Advice on interior mutability for x86-64 memory offset generation

Hello again. I am at the last stage of writing a compiler for my compilers class. For this project we are taking a flat intermediate representation and translating it into x86-64 assembly. Here is my code so far (up to IR generation): GitHub - brasswood/rust-cmmc: A compiler for the C-- programming language, written in Rust, for EECS 665 Compiler Construction at KU

I'm going to preface this by saying the course was designed around C++ and I chose to implement my projects in Rust to become more familiar with the language. The design of my compiler is mostly the design that was recommended by the course, which assumed we would be writing our projects in C++. So if a lot of this looks like wannabe C++ code, that is probably why.

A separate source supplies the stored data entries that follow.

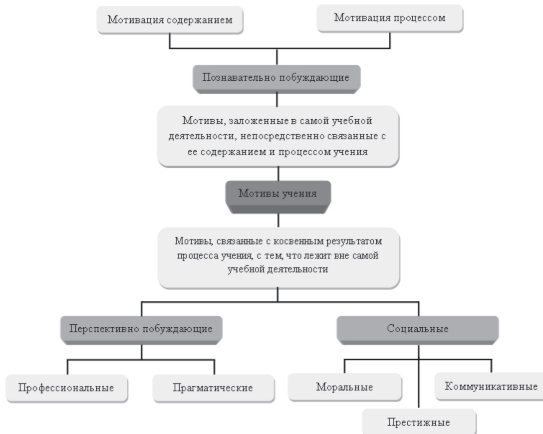
Рис. 1. Классификация мотивов учения

Следовательно, все компоненты мотивации учения взаимосвязаны и оказывают влияние друг на друга. Поэтому формирование мотивов учения не может осуществляться изолировано, не учитывая остальные компоненты мотивации учения. Только целостный подход, учитывающий все основные компоненты мотивации, может обеспечить успех в формировании и развитии истинно подлинных мотивов учения, имеющих личностно-ценностное принятие.
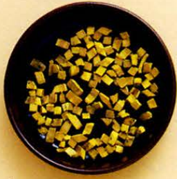
【黄柏(オウバク)】 打ち身、捻挫を癒し、肌を再生します。
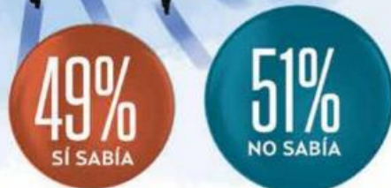
GRÁFICO: IVÁN DARRERA

• LA PRESIDENTA CLAUDIA SHEINBAUM PARDO PUBLICÓ EL JUEVES 31 DE OCTUBRE EL DECRETO DE LA REFORMA DE SUPREMACÍA CONSTITUCIONAL, CON LA CUAL SE BUSCA QUE LAS REFORMAS A LA CONSTITUCIÓN NO SE PUEDAN IMPUGNAR. ANTES DE QUE SE LO MENCIONARA, ¿USTED SABÍA ESTO?
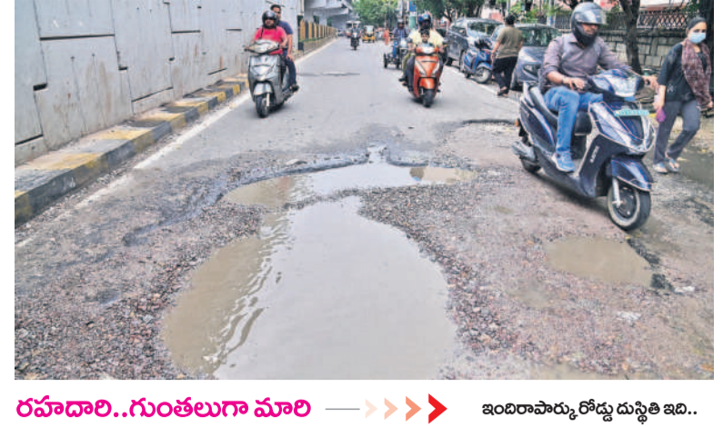
రహదారి..గుంతలుగా మారి ఇందిరాపార్కు రోడ్డు దుస్థితి ఇది..
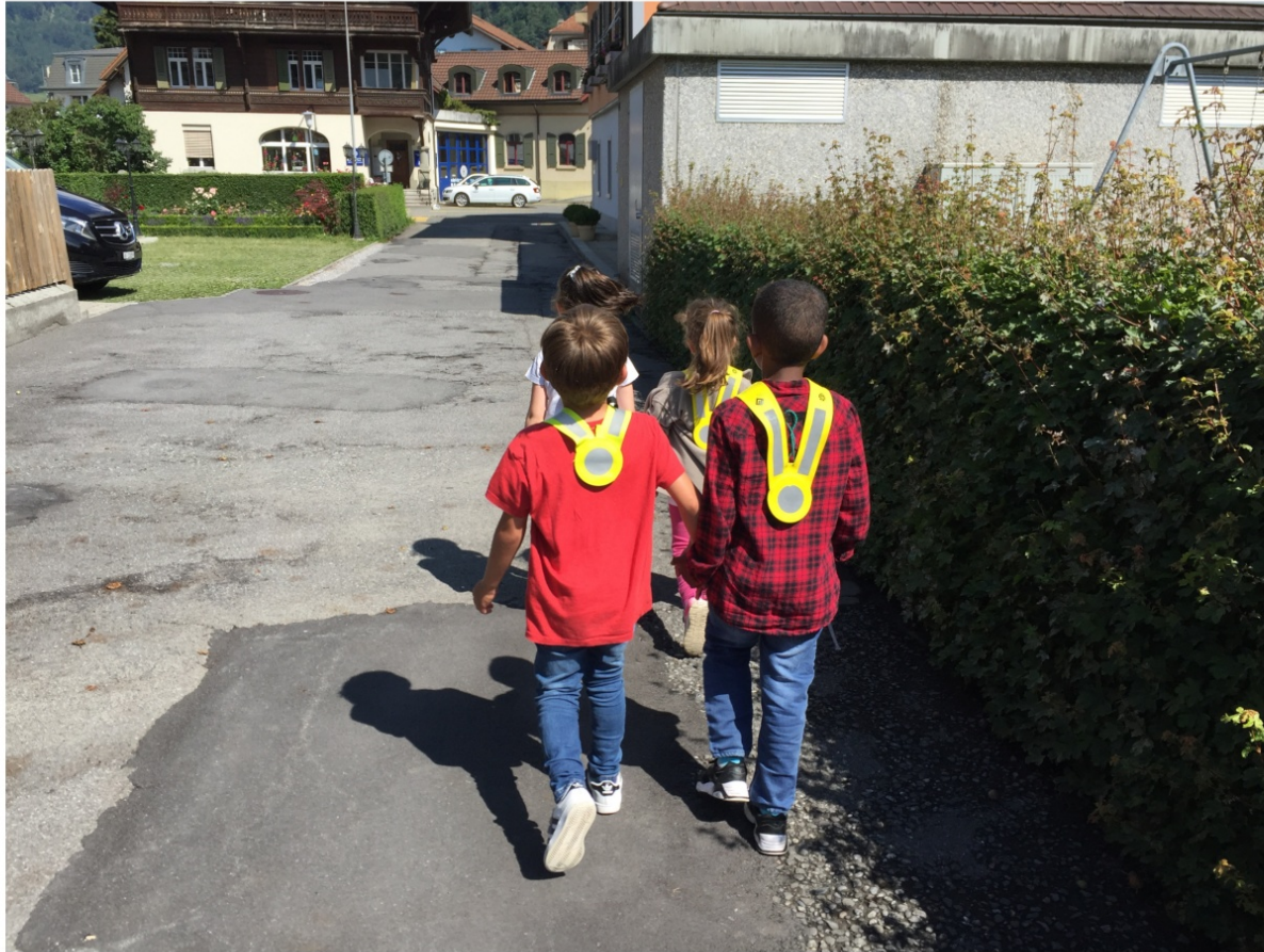
Die Kinder kommen zu Fuss in den Kindergarten. Dabei tragen sie den Leuchtgurt.
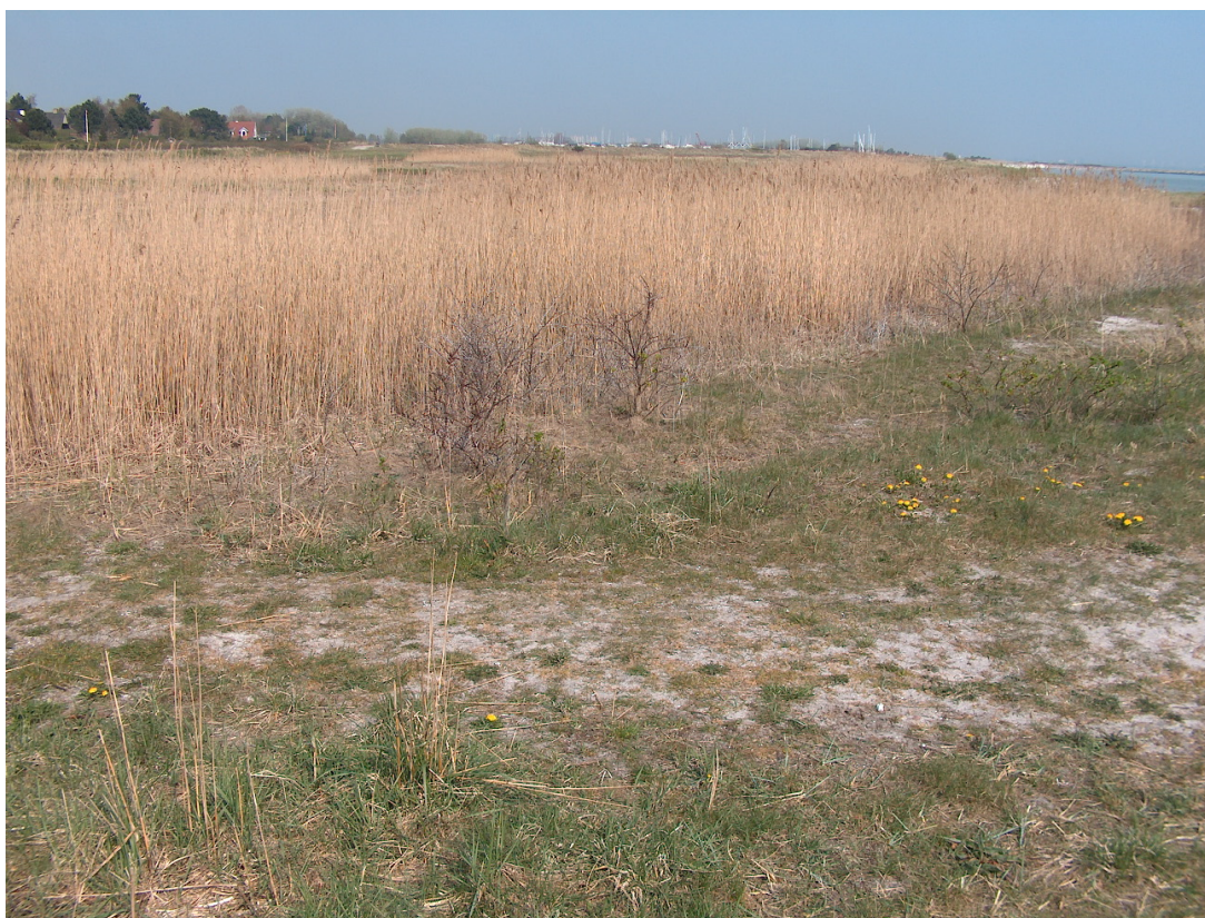
Eksempel på en tilgroet lokalitet fra stranden, hvor Grønbroget Tudse ikke kan yngle, da Tagrør skygger for meget på vandfladen

I april 2007 har NIRAS for Greve kommune registreret padder på Hundige Strand. I forbindelse med registrering af forekomsten af levestedernes tilstand er her udfærdiget en vejledning til, hvordan gunstig bevaringsstatus kan sikres.

Now, to the problem. In my intermediate representation, there are Quads and Operands. Quads are instructions, and Operands are the things the instructions operate on. One type of operand is a SymbolOperand:

pub struct SymbolOperandStruct<'a> {
    pub symbol: Rc<Symbol<'a>>,
}

A symbol operand just has a reference to a named symbol in the program that was found during name analysis:

pub struct Symbol<'a> {
    pub name: &'a str,
    pub typ: SymbolType,
}

When generating x86-64, I need to come up with an offset from the base pointer for each local variable in a function. So my first idea was to give SymbolOperandStruct an offset variable:

pub struct SymbolOperandStruct<'a> {
    pub symbol: Rc<Symbol<'a>>,
    pub offset: usize,
}

The problem with this, however, is that in my code, a new SymbolOperandStruct is generated every time a variable is encountered in the AST, but I need all of the SymbolOperandStructs that have the same Symbol to also have the same offset. Additionally, I have two other types of operands that reference a Symbol:

// created when "&var" is encountered in the AST
pub struct AddrOperandStruct<'a> {
    pub symbol: Rc<Symbol<'a>>,
}

// created when "@var_ptr" ("*var_ptr" in C++) is encountered in the AST
pub struct DerefOperandStruct<'a> {
    pub symbol: Rc<Symbol<'a>>,
}

In these types of operands, the offset needs to be the same as a SymbolOperandStruct if it points to the same Symbol. So I'm really thinking that the offset should be associated with the Symbol.

pub struct Symbol<'a> {
    pub name: &'a str,
    pub typ: SymbolType,
    pub offset: usize,
}

Now, here's the problem. I don't compute the offset of a Symbol until long after the creation of it. But by the time I am ready to compute the offset, it is already being pointed to by multiple operands. Which makes me think I now need to use interior mutability for the Symbol:

pub struct SymbolOperandStruct<'a> {
    pub symbol: Rc<RefCell<Symbol<'a>>>,
}

pub struct AddrOperandStruct<'a> {
    pub symbol: Rc<RefCell<Symbol<'a>>>,
}

pub struct DerefOperandStruct<'a> {
    pub symbol: Rc<RefCell<Symbol<'a>>>,
}

I know this pattern is discouraged except where absolutely necessary. Is there any way I can avoid using it?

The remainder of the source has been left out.